▶ **Data section**:
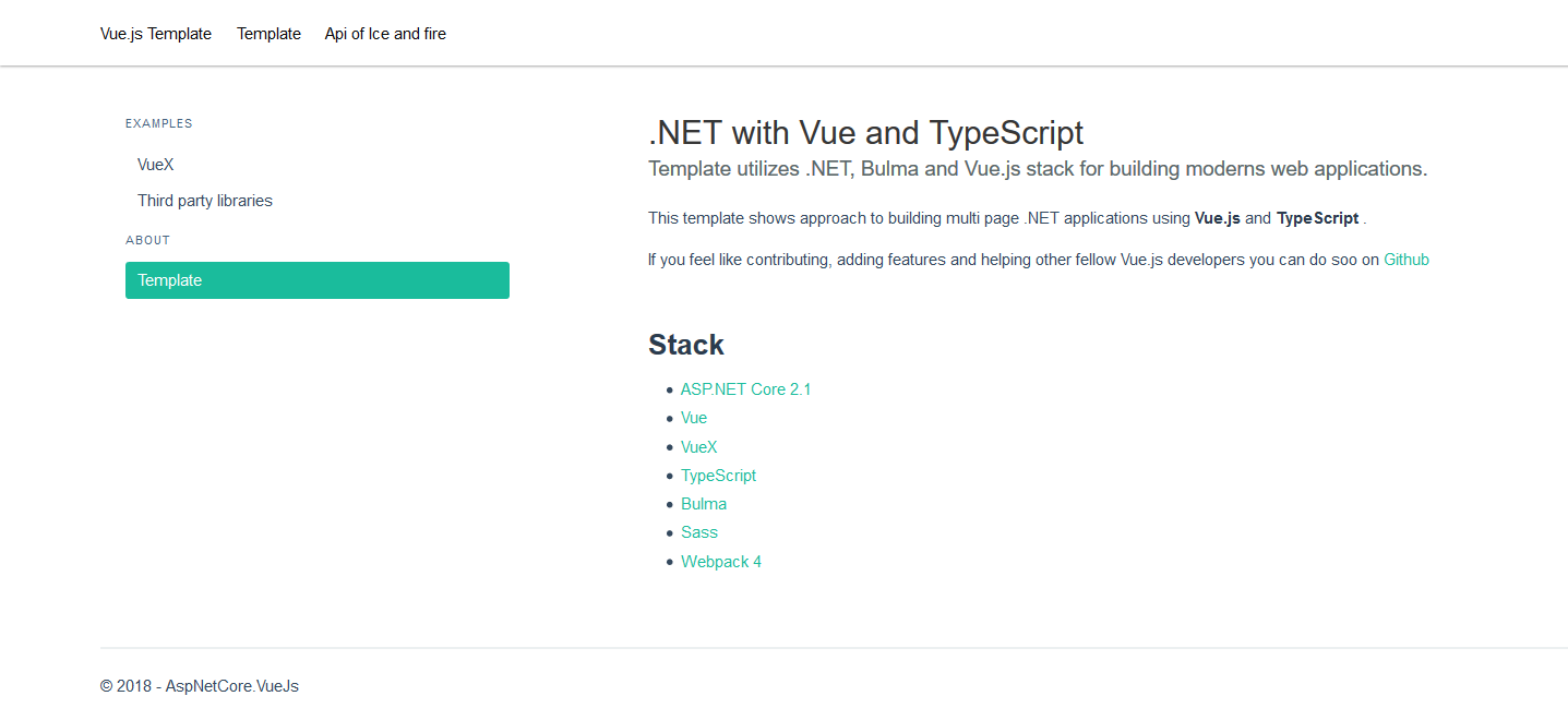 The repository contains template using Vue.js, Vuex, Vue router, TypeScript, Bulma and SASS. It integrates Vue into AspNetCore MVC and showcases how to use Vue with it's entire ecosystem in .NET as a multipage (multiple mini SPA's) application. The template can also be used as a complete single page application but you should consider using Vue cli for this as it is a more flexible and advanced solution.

--

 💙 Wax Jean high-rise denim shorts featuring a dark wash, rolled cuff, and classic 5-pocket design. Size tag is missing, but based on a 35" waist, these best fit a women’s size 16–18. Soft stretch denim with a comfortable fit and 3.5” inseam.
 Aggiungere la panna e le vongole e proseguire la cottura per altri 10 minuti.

▶ **Work instructions**:
Print, from the entries above, the line with "Wax Jean high-rise", the line with "Aggiungere la panna" and all lines between them, exactly and with nothing else.

▶ **Response to the exercise**:
 💙 Wax Jean high-rise denim shorts featuring a dark wash, rolled cuff, and classic 5-pocket design. Size tag is missing, but based on a 35" waist, these best fit a women’s size 16–18. Soft stretch denim with a comfortable fit and 3.5” inseam.
 Aggiungere la panna e le vongole e proseguire la cottura per altri 10 minuti.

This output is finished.